Development will continue over the next two years, allowing partners in the project to test the system, and develop the necessary trust that the system will be used appropriately and positively to help drive change and sustainable practices on the ground.
That timeline might further frustrate critics who think we should have gotten to this point sooner. I understand the frustration but choose to look more positively at the progress. After all, this is as much about changing cultures – moving from closed systems to open ones takes trust, and trust takes time to earn – as it is about stopping deforestation.
Landscape approach transformation takes time
Our partnerships with other companies and local governments on landscape projects in areas like Riau, Aceh, and West Kalimantan continued this year, but progress remains slow. Recently Justin Adams spoke on an Innovation Forum mini-podcast of the dilemma of needing to move fast while also moving together. This sums up the conundrum we face with the landscape approach.
While the coalition of public and private actors in a landscape-based approach is effective in solving problems that one party might not be able to tackle alone, the large number of different parties involved also means it takes time to get consensus and move things along.
The Siak Green District initiative in Riau this year, took six months to finalise and sign a Memorandum of Understanding (MoU) with the district head, to signify collective commitment to invest in and align sustainability implementation with the district’s plans for sustainable land use development.
Despite the time taken to get to this stage, we believe this approach will bring lasting transformation because more parties are now on the same page.
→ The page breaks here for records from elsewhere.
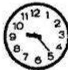
Lúc đồng hồ ngược bắt đầu chạy lùi
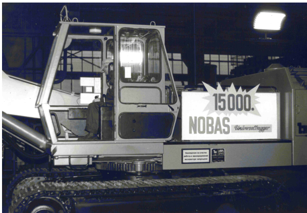
Bild (oben): Ankunft des Schriftgutes im TWA, Bild (unten): 15.000. Universalbagger von NOBAS Nordhausen

Neu im Archiv sind auch eine ganze Anzahl an Katalogen der Firma N.L. Chrestensen aus Erfurt. Die Firma übergab dem Archiv neben den Dubletten ihrer eigenen Samen- und Pflanzenkataloge von 1942 bis heute, auch Kataloge anderer Erfurter Gartenbaufirmen. Das älteste überreichte Exemplar stammt aus dem Jahr 1905 und ist von der Firma Platz & Sohn.
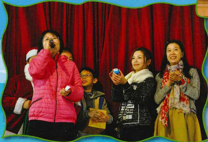
又是抽獎的環節，你估我有沒有機會中大獎！
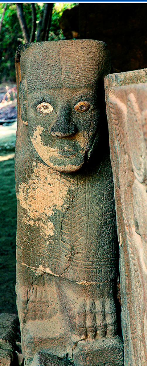
Хеттское божество. Рельеф из позднехеттской крепости Ацативадда в Таврских горах. Конец XII в. до н.э. Музей под открытым небом Каратепе, Турция.

Царь Суппилулиума II уже не мог остановить начавшийся распад империи и сопутствующие ей мятежи. Ему оставалось разве что рассылать в провинции письма, увещевая и обвиня мятежников. Однако в отпавших землях теперь хозяйничали пришлые племена.
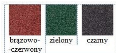
Rys. 2. Dostępna kolorystyka

And the opportunities for synergy go beyond conservation. The companies have agreed on other ambitious targets in, to name a few, NDPE compliant villages, smallholder sustainability, district-level palm oil traceability and social risk mitigation. In 2020, the partners should start reporting, as a coalition, on the impacts of these efforts.

Looking ahead
It is always easier to reflect on the failures, on what has not been done. This can be demoralising. And it risks us overlooking how much progress has been made, and the effort it has required, every day, to get here.
The palm oil sector is changing, those who once resisted that change are coming on board. Collectively we should remind ourselves that this progress matters. That in sustainability, as in life, the journey is the thing.